* PROBLEM TO SOLVE:
Reproduce exactly only the lines from the line that holds "modern car showroom" to the line that holds "An 18-hole round", inclusive, in the listing below, and please leave out every picture.

* PROVIDED DATA:

◇ ◇ ◇

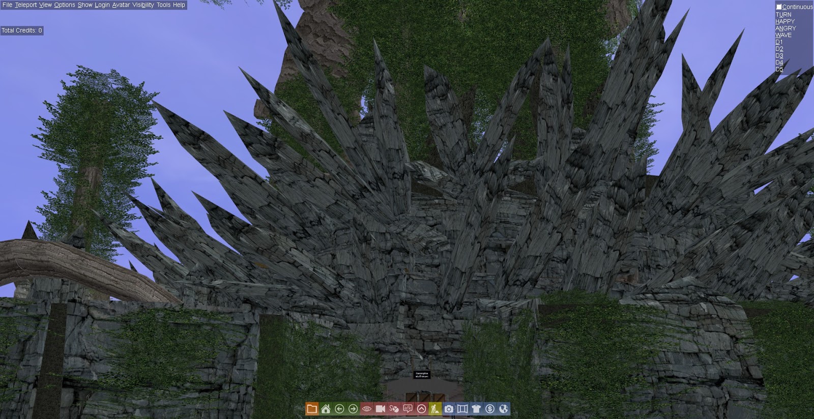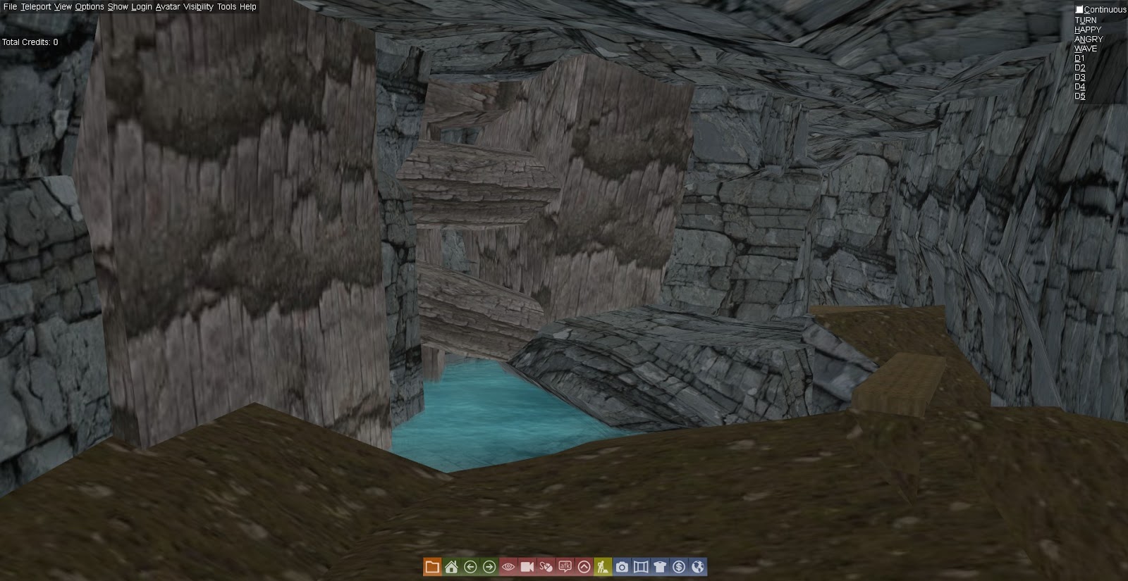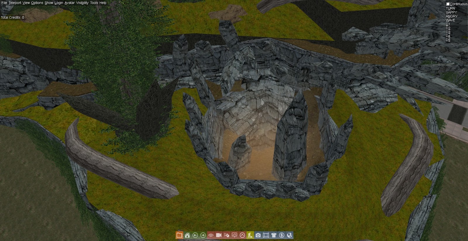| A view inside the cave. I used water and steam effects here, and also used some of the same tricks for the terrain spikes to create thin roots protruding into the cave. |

◇ ◇ ◇

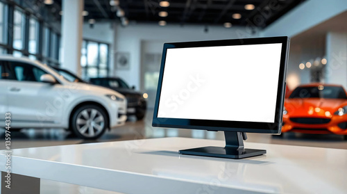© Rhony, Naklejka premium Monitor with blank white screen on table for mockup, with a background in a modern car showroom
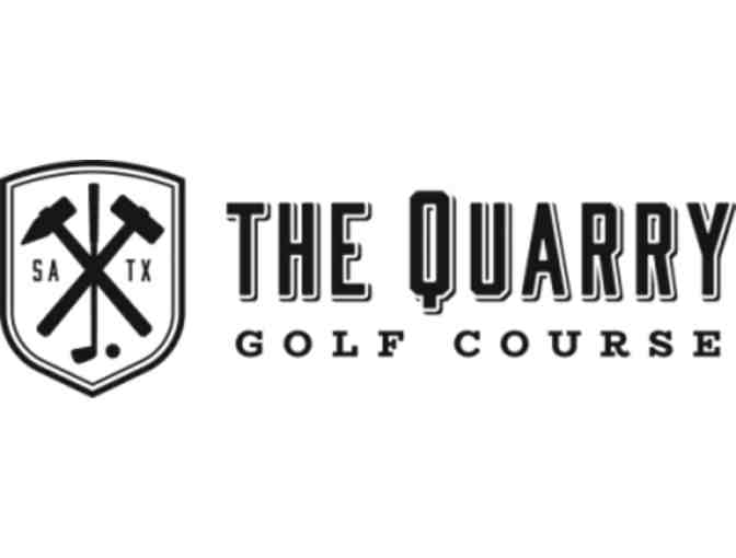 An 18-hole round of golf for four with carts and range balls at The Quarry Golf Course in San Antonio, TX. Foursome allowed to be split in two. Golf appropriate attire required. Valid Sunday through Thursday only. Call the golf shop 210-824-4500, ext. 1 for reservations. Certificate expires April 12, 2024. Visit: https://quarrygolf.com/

◇ ◇ ◇

* SOLVED PROBLEM:
© Rhony, Naklejka premium Monitor with blank white screen on table for mockup, with a background in a modern car showroom
 An 18-hole round of golf for four with carts and range balls at The Quarry Golf Course in San Antonio, TX. Foursome allowed to be split in two. Golf appropriate attire required. Valid Sunday through Thursday only. Call the golf shop 210-824-4500, ext. 1 for reservations. Certificate expires April 12, 2024. Visit: https://quarrygolf.com/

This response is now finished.